I have somewhat devised a solution that does what I'm looking for but requires manually generating a list of functions that I'd like to avoid.

Z[x_] = Min[x, x^2, x^3, x^4, x^5]
g1[x_] = Piecewise[{{x, x == Z[x]}}]
g2[x_] = Piecewise[{{x^2, x^2 == Z[x]}}]
g3[x_] = Piecewise[{{x^3, x^3 == Z[x]}}]
g4[x_] = Piecewise[{{x^4, x^4 == Z[x]}}]
g5[x_] = Piecewise[{{x^5, x^5 == Z[x]}}]
Plot[{g1[x], g2[x], g3[x], g4[x], g5[x]}, {x, 0, 2}, PlotRange -> All, PlotLegends -> "Expressions"]

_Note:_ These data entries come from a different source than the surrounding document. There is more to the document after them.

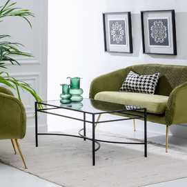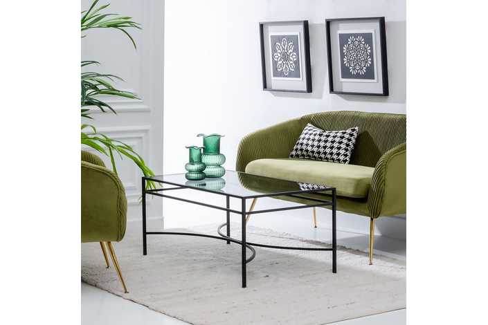 MESA CENTRO NEGRO METAL / CRISTAL SALÓN 100 X 60 X 45,50 CM
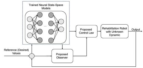 Schematic representation of the proposed model-free neural state-space controller for rehabilitation robots, integrating a trained neural state-space model with a proposed observer and control law to drive the robot with unknown dynamics towards desired reference values.
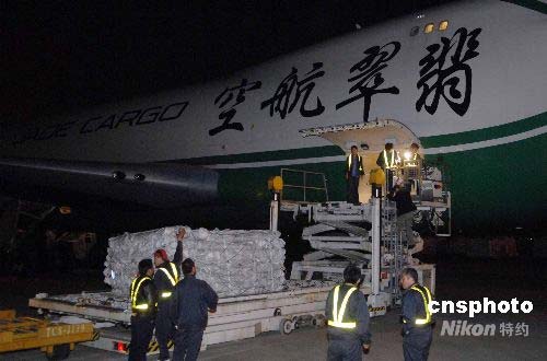 五月十三日深夜,深圳航空旗下的中德合資翡翠航空大型貨機(jī)JI7452受命緊急運(yùn)輸救災(zāi)物資,四千頂帳篷從天津?yàn)I海機(jī)場(chǎng)連夜裝機(jī)起運(yùn),專機(jī)運(yùn)往四川地震災(zāi)區(qū)。中新社發(fā) 陳文 攝
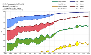 Weermodellen kunnen geen zinvolle vooruitzichten leveren zonder meetgegevens. De modellen hebben immers een begintoestand nodig om verwachtingen uit te kunnen rekenen. Hoe betrouwbaarder de begintoestand, hoe beter de verwachtingen kunnen zijn. De toename in de betrouwbaarheid komt door verbeteringen in de weermodellen, door betere wetenschap en krachtigere computers en door betere meetgegevens uit bijvoorbeeld satellieten. Dat kwaliteit van de weersverwachtingen in de loop der jaren inderdaad beter is geworden, laat figuur 3 zien. De toename van de curves tonen hoe de betrouwbaarheid van de verwachtingen steeds groter wordt. De driedaagse verwachting (blauw) is het meest betrouwbaar. Lange termijn vooruitzichten (geel) zijn het minst betrouwbaar.
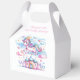 Eine skurrile Aquarellbilder mit einem zauberhaften, zauberhaften Einhorn, das mit einer goldenen Krone geschmückt ist und sanft inmitten flauschiger Wolken fliegt. Die Augen des Einhorns strahlen mit Verspieltheit aus, und Mane und Schwanz fließen anmutig in die Brise. Um die ätherische Kreatur herum sind Herzen und Sterne, die eine Touch romantischer Verzauberung hinzufügen. Unter dem Einhorn steht stolz eine pastellrosa und blaue Burg mit goldenem Schnitt, deren Türme nach Himmel reichen. Der Hintergrund zeigt einen klaren blauen Himmel, ohne dass eine Wolke in Sicht ist. Die Gesamtkomposition ist Set vor einem unberührten, weißen Hintergrund, der ein Gefühl von Unschuld und Wunder einfangen.
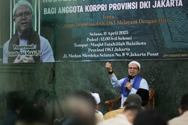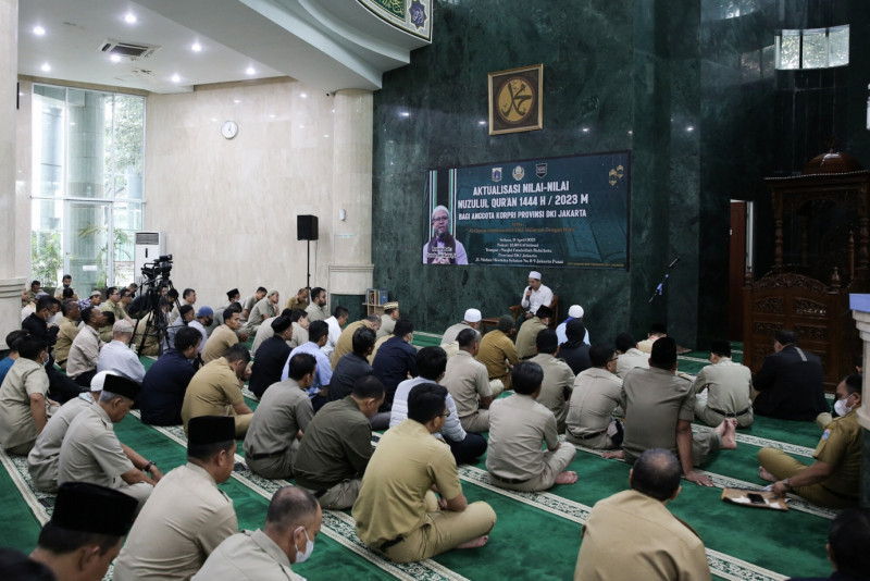Korps Pegawai Republik Indonesia (KORPRI) DKI Jakarta pada #Ramadan tahun ini menggelar kajian aktualisasi nilai-nilai Nuzulul Quran 1444 H dengan tema Al-Quran Inspirasi ASN DKI Melayani dengan Hati di Masjid Fatahillah Balai Kota DKI Jakarta, Selasa (11/4). Kajian dibuka Kepala Biro Pendidikan dan Mental Spiritual (Dikmental) Setda Provinsi DKI Jakarta, Gunas Mahdianto dan menjadi penceramah, Ustaz Abi Makki.
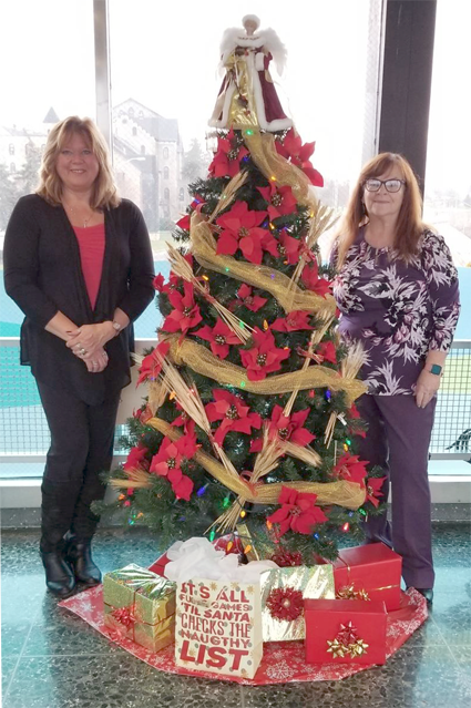 Wheatfield Garden Club members finish decorating a tree at the New York Power Authority.
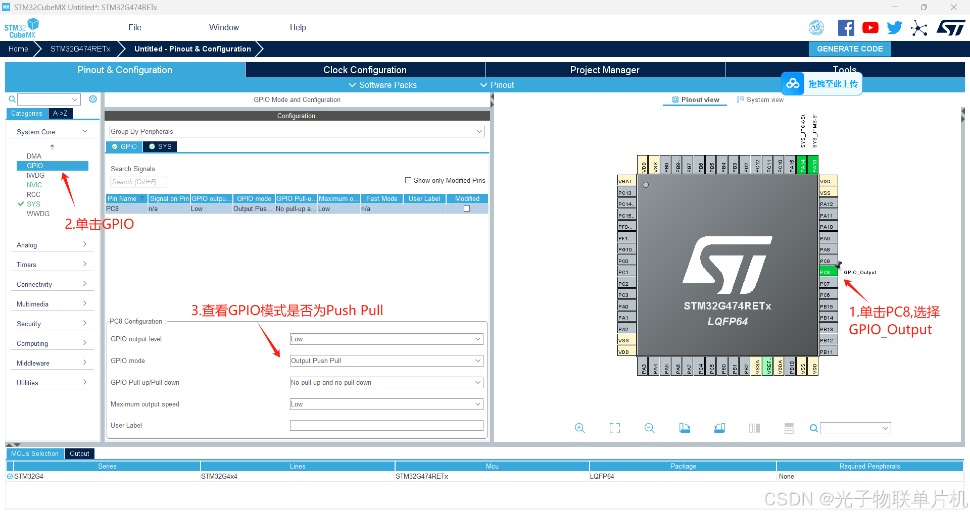 如下图所示,可以查看STM32G474RET6开发板原理图,PC8连接LED灯,所以配置PC8为GPIO输出,推挽输出。
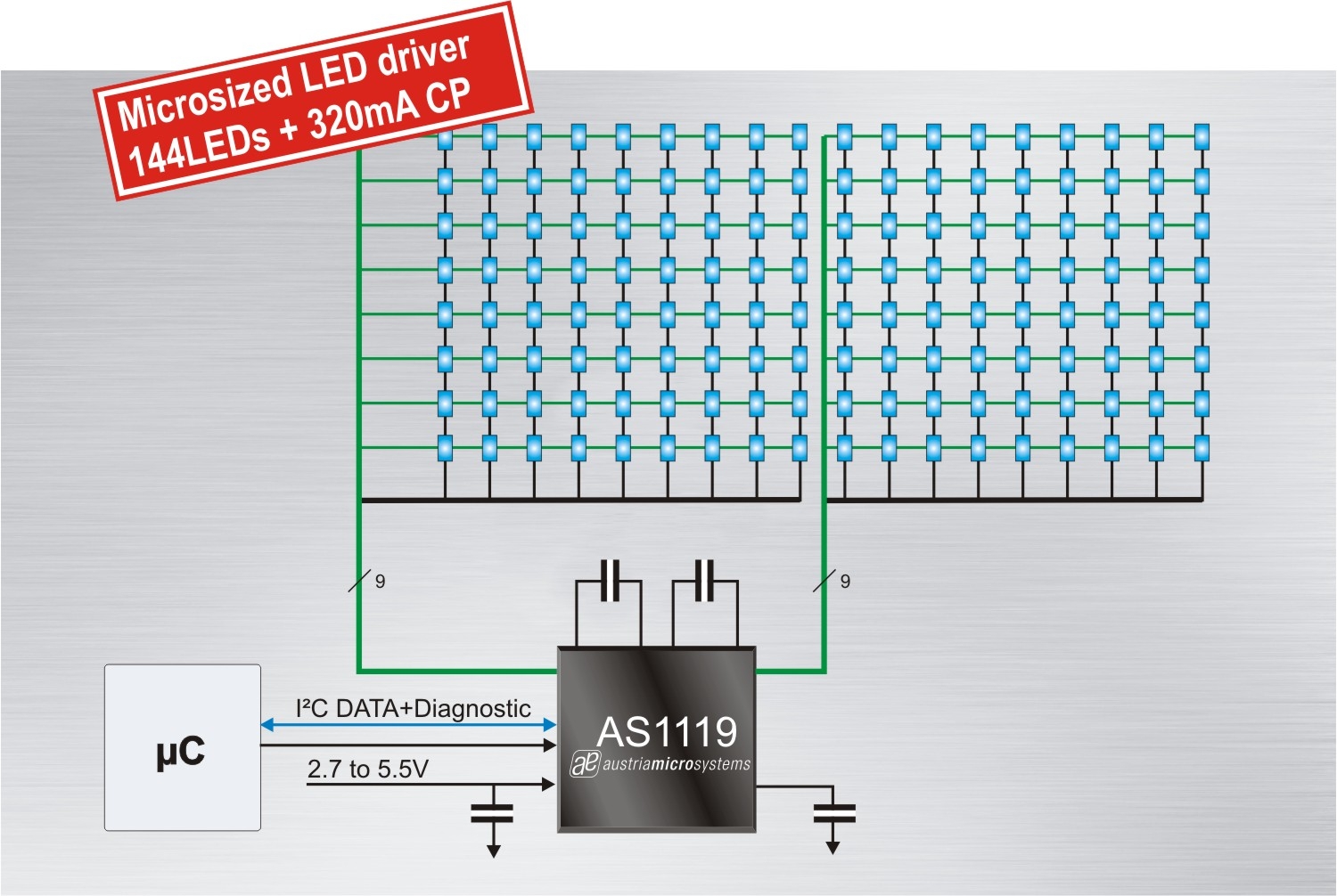 奧地利微電子推出業內效率最高、尺寸最小的全新144通道點陣LED驅動器
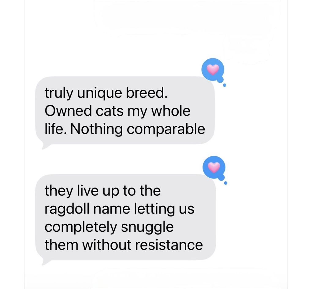 **Our kittens are EXTREMELY AFFECTIONATE, healthy, playful, and intelligent—**they talk, fetch, leash-train, and even do tricks (we can send videos!) They are incredibly loyal and cuddly, following you everywhere like little dogs.
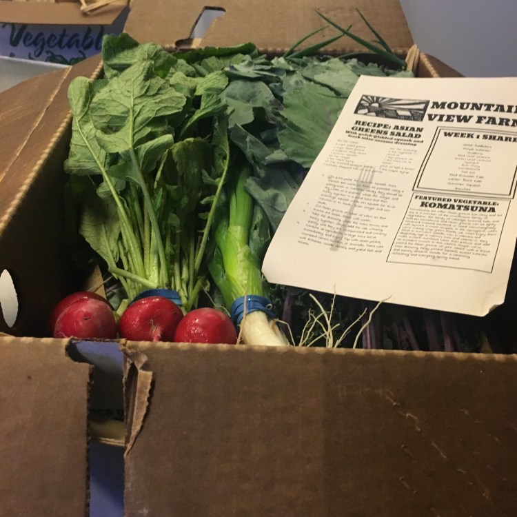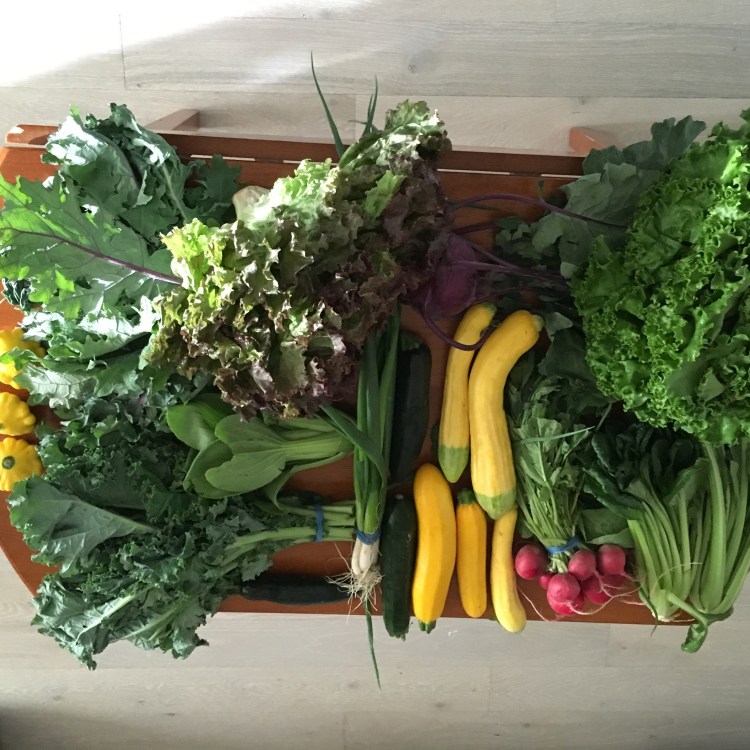 The first pick-up was this past Tuesday, and OH THE BOUNTY. It’s still spring, and that means mostly greens for now. We had several things I recognized, like head lettuce and bok choy and scallions and kale, but also some things I definitely had to google, like tatsoi.
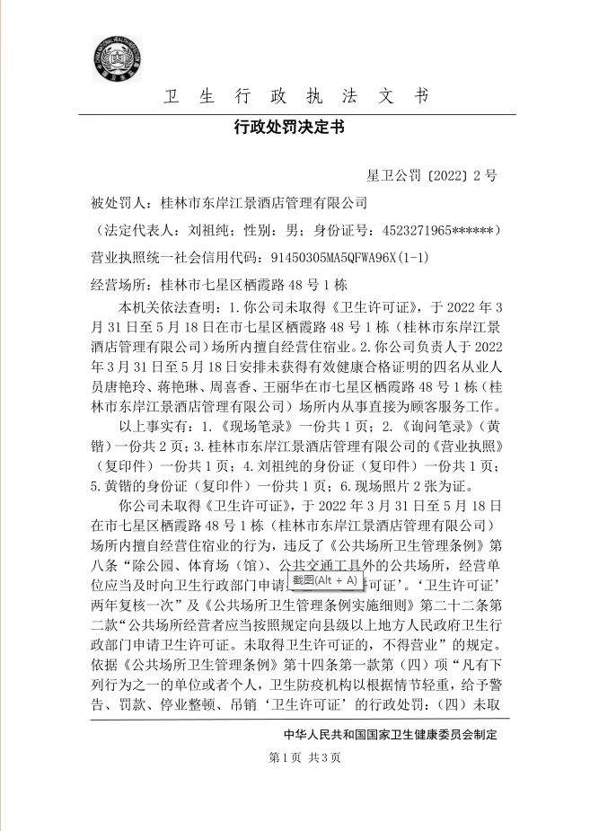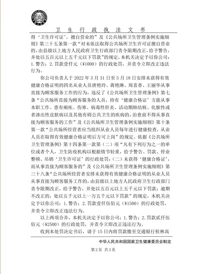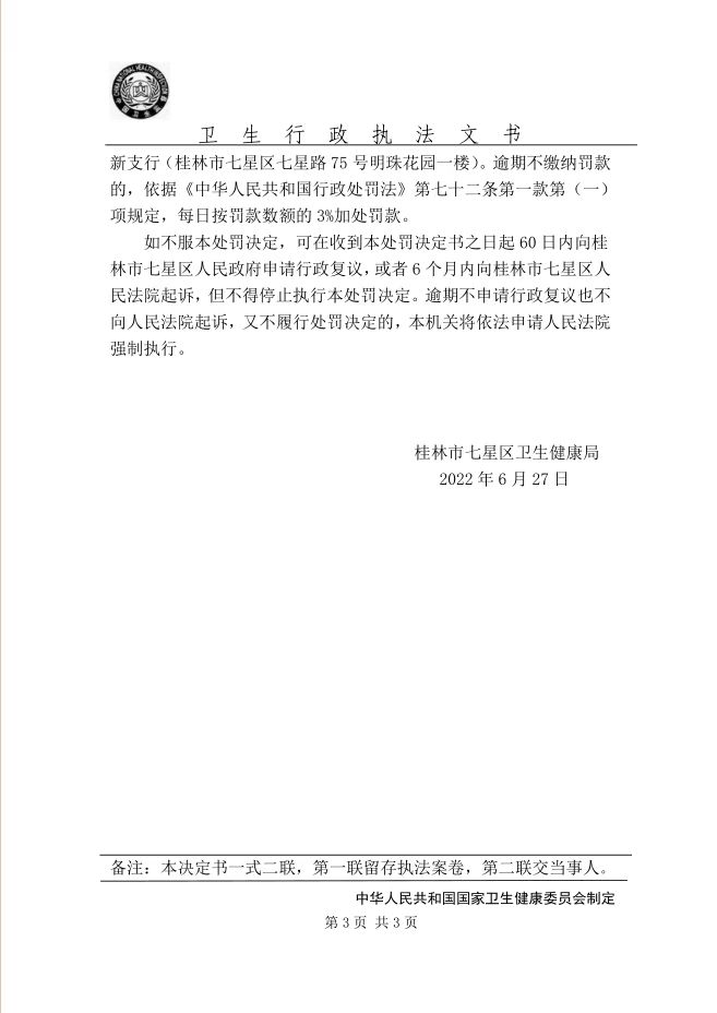 桂林市七星区卫生健康局行政处罚决定书(星卫公罚〔2022〕2号)
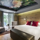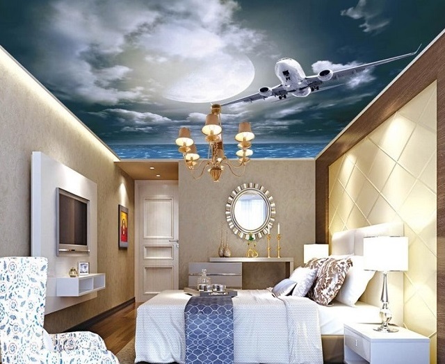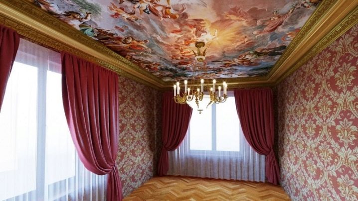 Για παράδειγμα, λευκά και μαύρα χρώματα χρησιμοποιούνται για τη δημιουργία οροφής σε στυλ γιν και γιανγκ. Επιπλέον, μπορείτε να δημιουργήσετε κομψές οροφές στο στυλ του έναστρου ουρανού ή κλασικές κόκκινες επιλογές που θα τονίσουν την πλούσια εμφάνιση του δωματίου.
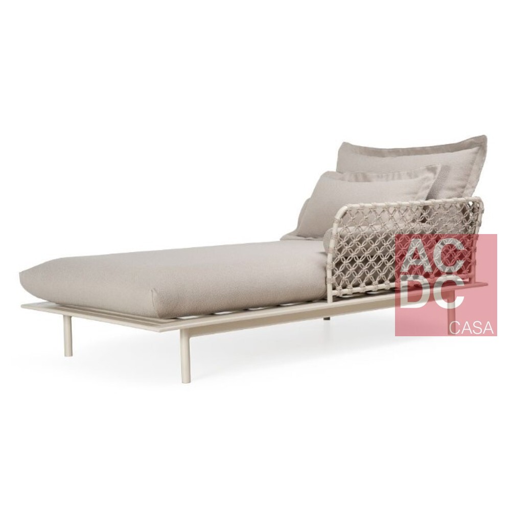 Material: Estrutura em alumínio com pintura eletrostática. Revestimento em tecido e acabamento artesanalmente tramado em corda náutica.  Assento estofado com características sintéticas. Acompanha uma almofada rineira e uma almofada de rolinho.
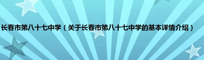 本文关于长春市第八十七中学的基本详情介绍就讲解完毕,希望对大家有所帮助。
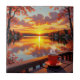Ceramic tile with a pretty illustration of a sunrise in the morning overlooking a lake view at a lake houses with a cup of warm coffee sitting on the ledge.
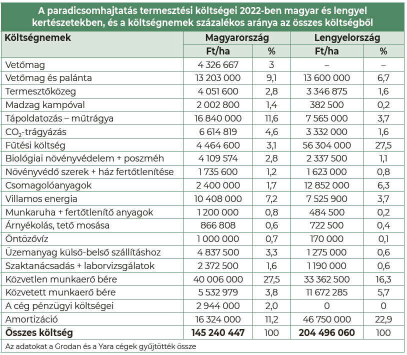 Az önkéntes alapon szolgáltatott adatokból vont átlagok azt mutatják, hogy a korszerű technikával, technológiával felszerelt paradicsomhajtató üvegházakban a hektáronkénti termesztési költség tavaly – amikor a legdrágább volt az energia és az inputanyagok – Lengyelországban mintegy 204,5 millió forint volt, itthon pedig 145,2 millió. A költségnemek összehasonlításából pedig az is kiderült, hogy mire kellett a legtöbbet fizetniük a kertészeknek.
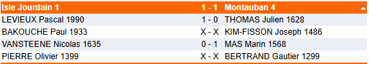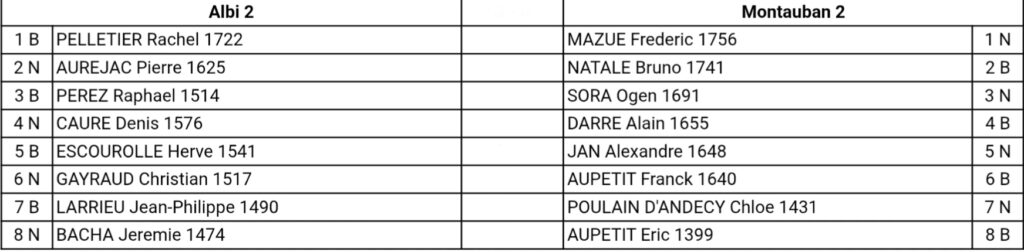 Montauban 3, l’ambitieuse, avait fort à faire contre une grosse équipe de l’ET 4. Une nouvelle défaite les enlise dans le ventre mou du classement. Mais cette très jeune équipe commence à obtenir ce qu’elle cherche en se frottant au gratin régional. Et aura encore 3 autres occasions de battre une équipe d’un autre club. Bravo à Alain pour sa nouvelle victoire, qui en annonce d’autres très prochainement en N3 jeunes.

Produces the following output Some way to automate this would be much more preferred. In general I might want to err on the side of using Mr.Wizard's solution for my use case as I intend to do this repeated for lists of many functions at a time.

Further it might be nice for the expressions in the legend to include the original definitions of the functions $f$, but this is something that can be adjust manually fairly easily.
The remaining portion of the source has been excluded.